Image: Inside Out by Sarah Nicolls

The inside of a piano is a remarkable thing. A feat of engineering, the string frame holds 30 tonnes of tension, created by around 230 strings making up 88 pitches. These strings are normally hidden and struck only by the hammers. But for some musicians, past and present, the inside of the piano is as important and as playable as the keys. The only problem is how to reach it.

The first composer to write music featuring the inside of the piano was Percy Grainger, who’s In a Nutshell suite (1916) demands the strings to be struck with a mallet at points. Henry Cowell soon followed up with Aeolian Harp (1923) and The Banshee (1925), pieces exclusively for the inside of the piano. The idea was passed from teacher to pupil, George Crumb embedding it in his Makrokosmos I and II (1972-74).

These days, “inside piano” playing is used by many proponents in concerts of contemporary classical or improvised music. Magda Mayas performs exclusively on the inside of the piano, showing inquisitive creativity in her search for objects to “sound” the instrument, such as slate, skewers and magnets. Leon Michener creates electronic sounding music while Andrea Neumann has a portable “inside piano”.

Hampering dampers

As a contemporary pianist, I was being regularly asked to use inside techniques. But it’s incredibly uncomfortable reaching inside for long periods. A rudimentary explanation of how pianos work will explain why this is. The key of a piano is a lever. When the pianist plays, the back of each key moves the “action” (several moving parts) which results in a hammer hitting the correct string, which sounds. When the key is released, the hammer falls back to rest and a damper stops the sound by landing back against the string.

Inside-piano playing can be obstructed by some of these things. On a grand piano, the dampers (which stop the sound when a key is released) are above the strings, and so get in between the performer and the strings.

I decided to address this. I wanted a piano that allowed the performer to pluck the piano strings with ease. And to do this, I would have to turn the piano inside-out.

Some historical pianos provided inspiration: cabinet pianos – effectively vertical grand pianos, where the strings went up from the keyboard – were built briefly around 1800 as elegant pieces of furniture. You’d think this would make the strings more available, but on upright pianos such as these, the action is in front of the strings.

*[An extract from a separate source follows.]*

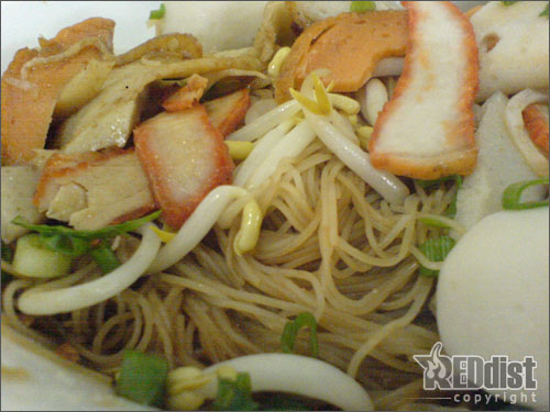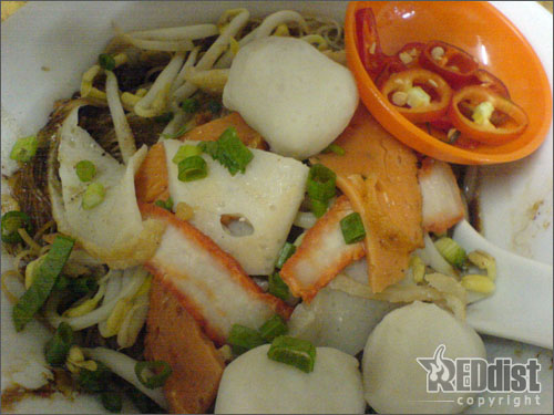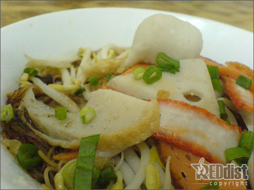 虽然卖了那些多年,但是老板的功夫依然不减。老板的烫面过程控制很好,才能保住面条的鲜嫩,不然面条吸水过多就会失去口感。干捞放的黑酱油分量,味道恰恰好不会过重,也不会太浓。自制的鱼丸及鱼饼也新鲜弹口,没有腥味。 除了以上材料,还可以让顾客加上其他料理,如猪肉丸、炸皮鱼丸、炸腐竹等等。

I went to Finchcocks and the Royal Academy of Music’s Piano Gallery to discuss what merits different historical instruments had – for example, the rather over-engineered Euphonicon, which uses sounding boxes rather than a single board. This offers the possibility of folding a piano. Then I asked Pierre Malbos, a Parisian piano innovator, to help me build a new piano.

The Euphonicon, 1843. The Metropolitan Museum of Art, Gift of Mrs. Greenfield Sluder, 1944

Inside-out

As we could only budget to restructure an existing grand piano, we chose an old Erard grand piano, where the dampers are under the strings, and where the strings don’t cross under each other (this is called a straight-strung piano).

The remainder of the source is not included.